When M.C. Taylor, the artist behind Hiss Golden Messenger, began writing the songs for Quietly Blowing It, he was, in his own words, “looking for peace”. Many of us can relate to his quest, especially considering it took place primarily between March and June 2020, a stretch whose events require no reminders. Processing the state of the world at that time posed at least two pitfalls (aside from demonstrating how to lose friends and alienate people). Taylor could trap himself with highly specific protest songs, venting frustration with a limited topicality. Alternately, he could avoid the climate around him and spray out a bunch of sunshine. Wisely, he navigated his own Strait of Messina for an album that offers its comforts without dismissing our need for them.
Taylor’s struck this balance before; 2019’s Terms of Surrender, a much darker album, offered glimpses of hope in a broken world. That world came from personal hurt, while this one comes from external crises. Taylor, first as a songwriter and then with an enlarged and all-star version of Hiss Golden Messenger, finds ways to settle into this world. Quietly Blowing It might or might not function as “protest” or “political”, but its distance from those phrases helps it becomes more of a balm. As Taylor looks for sanctuary (“That’s all I can offer you,” he sings on the track named “Sanctuary”), he isn’t fixing or fighting the world so much as he’s creating asylum.
This attitude doesn’t hide in the album. “Hope hope is contagious,” Taylor sings on “If It Comes in the Morning”, and that line serves as a guiding principle. “We’ll be fine in the morning,” he tells us on opener “Way Back in the Way Back” with a voice that suggests his point might not be accurate, but it’s worth believing in anyway. He balances these feelings with doses of reality and cuts like “Mighty Dollar”, which is about precisely what you think it’s about.

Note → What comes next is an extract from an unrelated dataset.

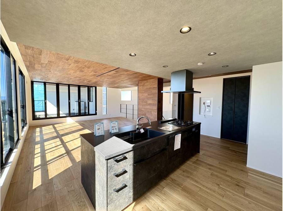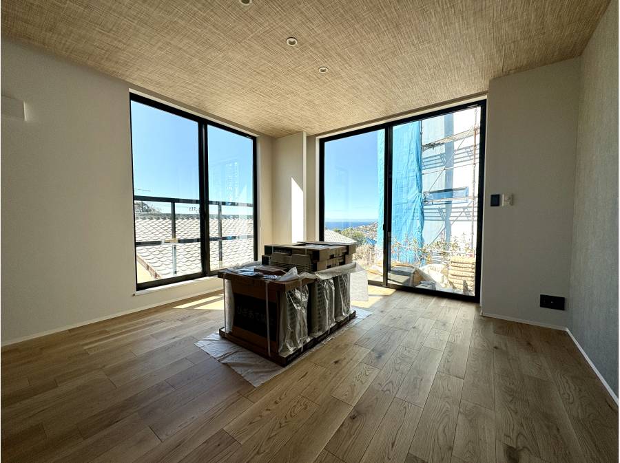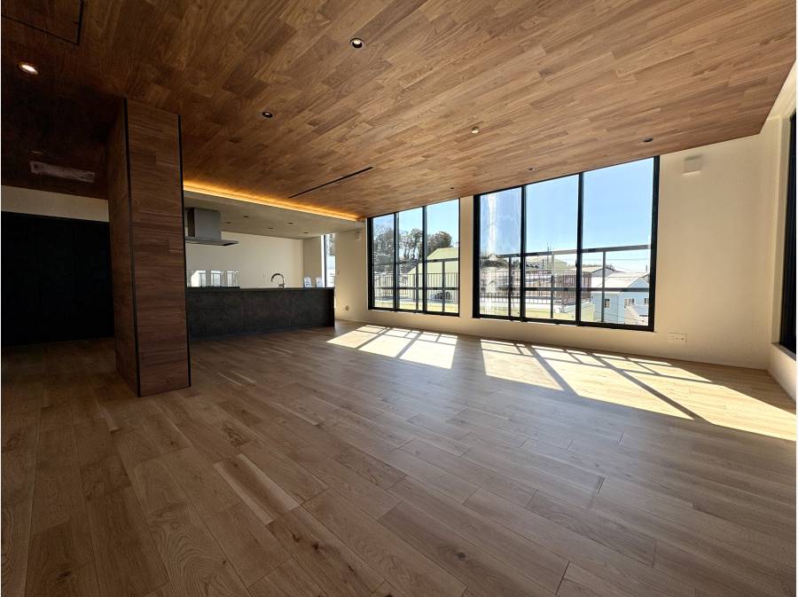 2階に設けられたリビングからは、相模湾や江ノ島を一望でき、日々の暮らしの中で自然の移ろいを感じることができます。約30帖の広々としたLDKは、天井の高さと窓の設計によって、開放感と落ち着きがうまく融合した居心地の良い空間となっています。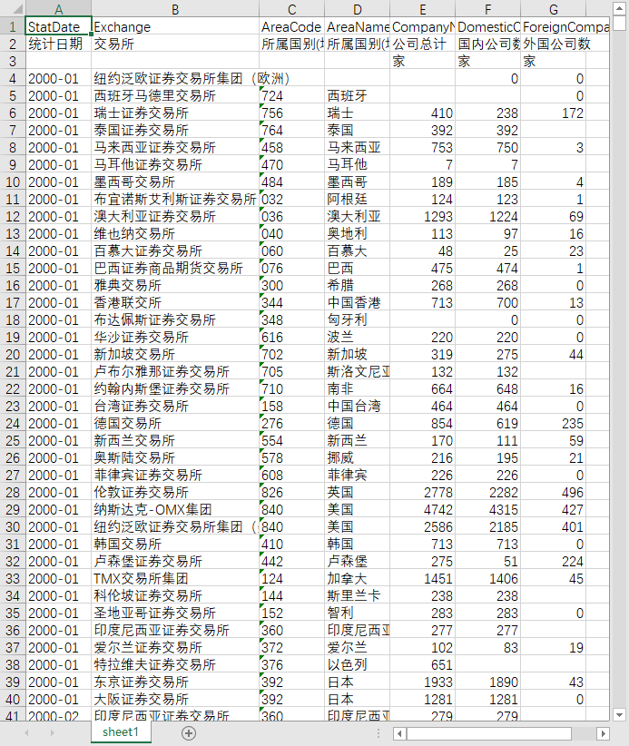 统计日期 交易所 所属国别(地区)代码 所属国别(地区)名称 公司总计 国内公司数 外国公司数

There’s plenty lose in this album, and – as the title acknowledges, plenty of ways we’re quietly blowing it, but Taylor persists.
His assemblage of musicians creates the environment for his endeavor to work. Artists like Taylor and Griffin Goldsmith (Dawes), Josh Kaufmann (Bonny Light Horseman), Matt Douglas (underappreciated Mountain Goat), Buddy Miller (everything), and other noteworthy artists make appearances, all in the service of asylum. Gregory Alan Isakov and Anaïs Mitchell contribute co-writing. Each cut builds on a calming sort of folk-rock as if Bob Dylan cared about the mental health of others. The group provides enough variety to sustain the album, whether by varying tempos, turning toward ’70s Gold, or simply letting a saxophone solo help us settle for the evening.
Taylor may have reached Maximum Messenger at this point. He’s been releasing about an album a year for over a decade and the ensconcing shows at times. In this case, his ease in his style adds to his goal of creating a peaceful sanctuary. Quietly Blowing It isn’t the album where Taylor introducing experimental electronics or dissects urban life. It’s the record where he brings together experienced Appalachian artfulness to provide just the right space to fulfill his vision.